Gazeta Wyborcza pod presją?
Nie wiem, kto może wywierać presję i naciski na redaktorów Gazety Wyborczej, ale tak prymitywne posunięcie, jak puszczenie w świat informacji, że z odczytanych ostatnio rozmów w kokpicie wynika, iż załoga czekała na decyzję prezydenta Kaczyńskiego o lądowaniu bądź nielądowaniu w Smoleńsku, nie mogło samo wykluć się w głowie profesjonalnego dziennikarza.
W Gazecie Wyborczej z 20 stycznia 2011 r., w artykule pt. Niech prezydent powie co robić, red. Imielski napisał:"...Sporo odczytanych słów dotyczy czekania załogi tupolewa na decyzję prezydenta Lecha Kaczyńskiego, czy próbować lądować w Smoleńsku, czy od razu odlecieć na lotnisko zapasowe ..."
Redaktor się narobił, podopisywał nieco własnych wyjaśnień, finezyjnie wplatając je w treść stenogramu, i... i nic. Przecież z tych stenogramów nic takiego nie wynika, co gazeta usiłuje wcisnąć swoim czytelnikom!
Próbne podejście piloci zaplanowali już wcześniej /8.25:01. Dowódca załogi: Dziękuję, no jeśli można, to spróbujemy podejścia, ale jeśli nie będzie pogody, odejdziemy na drugi krąg/. Opinia prezydenta (o ile o niego rzeczywiście chodziło) mogła więc dotyczyć tylko tego, co będzie się działo później - po odejściu na drugi krąg - czy powisieć trochę nad Siewiernym, czekając na poprawę warunków, czy lecieć od razu na Mińsk, czy może na Witebsk, które z tych dwóch zapasowych lotnisk wybrać (dla lemingów jeszcze raz: decyzja o próbie lądowania była już podjęta przez dowódcę dużo wcześniej, co najmniej od 8.25:01).

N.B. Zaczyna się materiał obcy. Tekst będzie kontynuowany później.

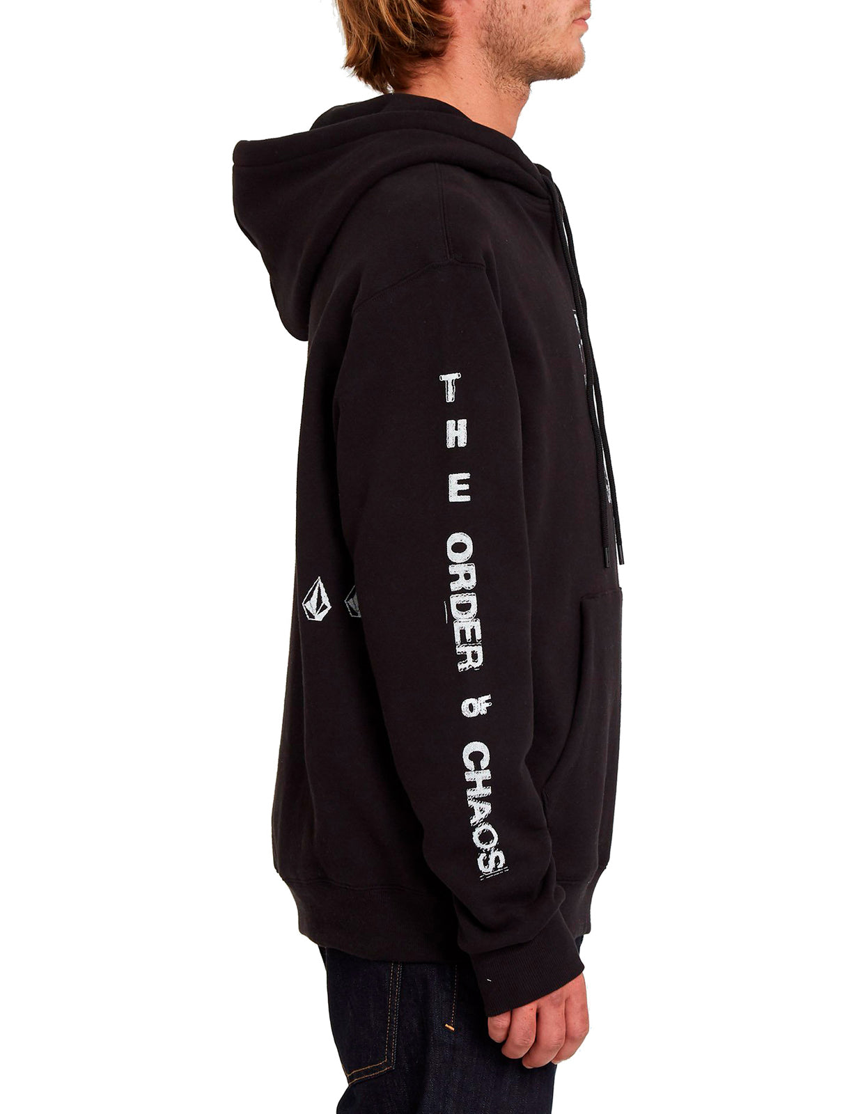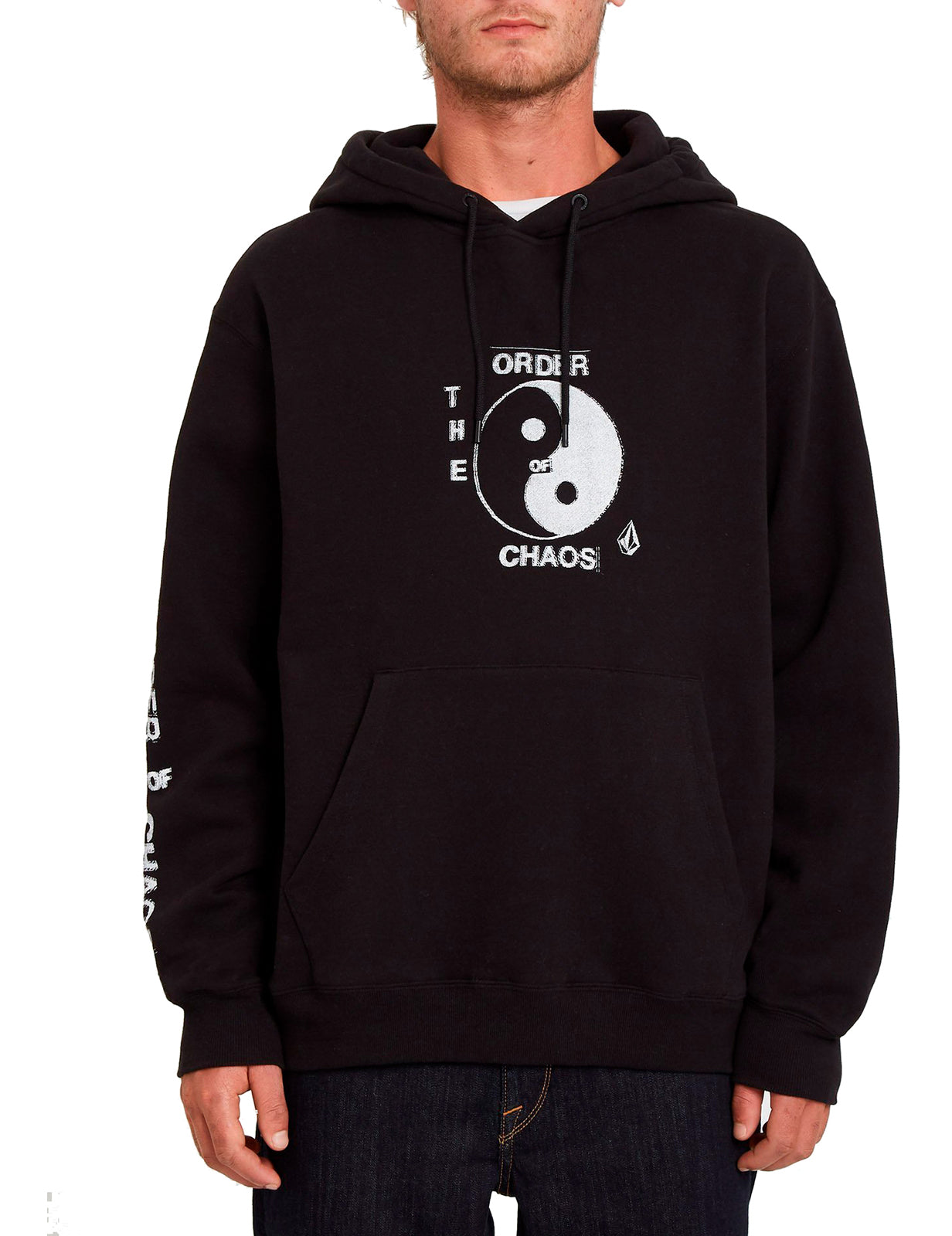 Volcom Transient Waves regular fit pullover hoody in black features a adjustable drawstring hood and chest print as well as kangaroo pouch, rear print and sleeve print. Branding includes a Volcom embroidered logo. Made from 80% cotton and 20% polyester
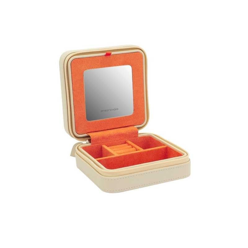 Béžová cestovní šperkovnice značky Friedrich Lederwaren je ideálním společníkem pro každou ženu. Hladká syntetická kůže s jemným reliéfem pírka dodává eleganci, zatímco hravá oranžová barva interiéru potěší oko. S praktickým zrcátkem na vnitřní straně víka a kompaktními rozměry 11,5 x 11,5 x 5,5...

Treść tego artykułu, wpuszczona do informacyjnego oscylatora jest już ochoczo cytowana w wielu mediach, uwiarygadniając happening Anodiny
Przy okazji należy wyjaśnić jedną rzecz. Próba lądowania w Smoleńsku była jak najbardziej uzasadniona - przecież na lotnisku zapasowym warunki pogodowe mogły stać się jeszcze gorsze niż tu, a paliwa było coraz mniej
Podobno Donald Tusk szuka pracy, ma objąć jakieś ważne stanowisko w organizacji międzynarodowej - czyżby chodziło o MAK ?
- Blog
- Zaloguj się albo zarejestruj aby dodać komentarz
- 1507 odsłon
Komentarze
Podaj Tuskowi namiary do mnie!
23 Stycznia, 2011 - 05:59
Mam nie bardzo wysoki komin do wyczyszczenia i pomalowania na pomarańczowo z niebieskim zakończeniem.

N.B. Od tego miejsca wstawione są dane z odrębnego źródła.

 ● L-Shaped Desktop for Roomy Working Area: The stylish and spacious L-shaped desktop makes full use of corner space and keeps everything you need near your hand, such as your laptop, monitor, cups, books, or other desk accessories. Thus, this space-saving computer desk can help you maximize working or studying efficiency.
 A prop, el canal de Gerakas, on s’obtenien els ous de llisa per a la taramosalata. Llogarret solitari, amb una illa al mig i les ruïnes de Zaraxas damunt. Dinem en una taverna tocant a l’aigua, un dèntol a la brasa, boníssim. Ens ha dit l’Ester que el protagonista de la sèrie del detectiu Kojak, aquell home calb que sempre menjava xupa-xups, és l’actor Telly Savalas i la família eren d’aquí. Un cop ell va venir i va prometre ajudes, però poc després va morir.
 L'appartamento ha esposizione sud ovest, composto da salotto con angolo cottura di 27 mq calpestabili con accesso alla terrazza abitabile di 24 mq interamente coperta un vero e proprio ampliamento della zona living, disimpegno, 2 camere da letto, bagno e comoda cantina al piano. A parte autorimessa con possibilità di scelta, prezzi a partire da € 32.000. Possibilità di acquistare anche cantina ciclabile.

Wiem, że on za wysoko mierzyć nie potrafi, ale z tym kominem chyba sobie poradzi, a i podobno nie jest najgorszym malarzem. :)
WITAM
23 Stycznia, 2011 - 09:07
Faktycznie- nie najgorszy. Malnął sobie okularki na różowo i z szatańskim wzrokiem i wielkim zaangażowaniem robi nasz kraj na szaro, chciał na inny kolor ale niestety zielona farba się zgubiła, podobno wpadła do jakiejś ogromnej dziury
POZDRAWIAM
GW pisze takie dyrdymały, że
23 Stycznia, 2011 - 09:12
aż zaczęli ją ludziom wciskać na siłę za darmo. Hahahaha !
Pozdrawiam.
contessa
contessa
___________
"Żeby być traktowanym jako duży europejski naród, trzeba chcieć nim być". L.Kaczyński
odpowiedz , na : GW pisze takie dyrdymały, że
5 Lutego, 2011 - 03:16
Gazera Wyborcza pisze ... tylko dyrdymały :)
dokąd zmierzamy ???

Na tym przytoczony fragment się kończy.